El viejo torció los labios en una mueca y asintió.
—Sí. Un Whisky, por favor.
Frank se levantó del asiento y caminó hacia un oscuro rincón en donde se ocultaba el bar. El viejo soltó un hondo suspiro y miró alrededor: todo estaba igual a como lo recordaba, aunque había cambiado un poco la decoración.
—Yo conocí a tu padre en su juventud, ¿lo sabias? — Sin esperar a que Frank le diera una respuesta, se reacomodó en el sillón y prosiguió—: Ambos estábamos enamorados de tu madre, pero fue tu padre quien la conquistó.
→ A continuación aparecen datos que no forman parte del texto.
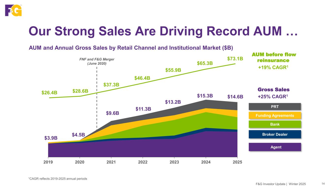 58 63 71 76 78 80 82 2022 2025 2030 2035 2040 2045 2050 … With Secular Tailwinds Driving Demand 13F&G Investor Update | Winter 2025 We continue to see sustainable demand for our retail fixed annuity products given current environment • U.S. consumers are holding $3 trillion in retail money market fund assets; as money market rates decline, they are expected to lock in higher interest rates through attractive solutions like fixed annuities • We serve a growing retirement population, with more than 11,000 Americans turning 65 every day and a projected 30% increase in people aged 65-100 over the next 25 years • Attractive demographics support growing demand for our products, as both retirees and advisors turn to fixed annuities as an alternative to the traditional 60/40 investment portfolio 1Source: Investment Company Institute (ICI); periods prior to 2024 reflect “total” all money market funds 2Source: U.S. Census Bureau, Population Division; Projected Population by Age Group and Sex for the United States, Main Series: 2022-2100 (Released Nov 2023) U.S. Money Market Fund Assets ($Trillions)1 Projected U.S. Population: Ages 65-100 (Millions)2 Number of people aged 65-100 is projected to increase 30% over the next 25 years 4.1 4.7 2.7 3.1 3.6 4.3 4.7 4.7 5.9 6.8 7.8 YE 2019 YE 2020 YE 2021 YE 2022 YE 2023 YE 2024 YE 2025 Combined Institutional only Retail only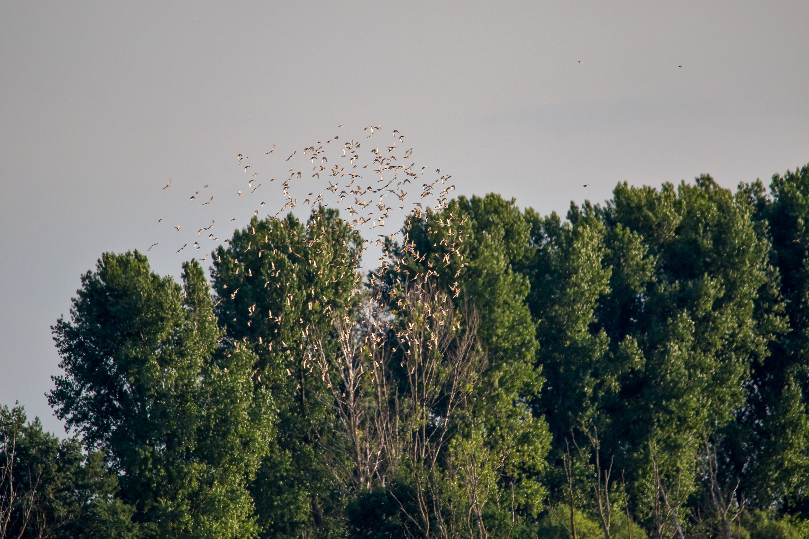 Abendlicher Rundflug der jungen Löffler

Magno era muchísimo más alto y más atractivo que yo, aunque infinitamente más estúpido. — Soltó una risotada que reprimió enseguida.
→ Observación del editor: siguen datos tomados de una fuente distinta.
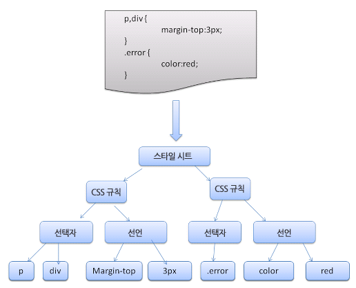 CSS파일은 스타일시트 객체로 파싱되고 각 객체는 CSS규칙을 포함한다.

Frank, sin decir nada, llegó hasta él y le acercó el vaso de whisky a la mano.
—Aquí está—murmuró de mala gana.
El viejo cogió el vaso que se le ofrecía y olisqueó el licor.
—Hace siglos que no bebía—comentó.
Frank volvió a sentarse frente al viejo y echó la cabeza hacia atrás sopesando, tal vez, su reacción.
—¿A qué se debe su visita? — le preguntó con voz extremadamente seca.
El viejo bebió un sorbo de licor y lo miró.
—¿Realmente no intuyes porque estoy acá, muchacho?
Frank se cruzó las manos sobre el pecho y lo miró una vez más.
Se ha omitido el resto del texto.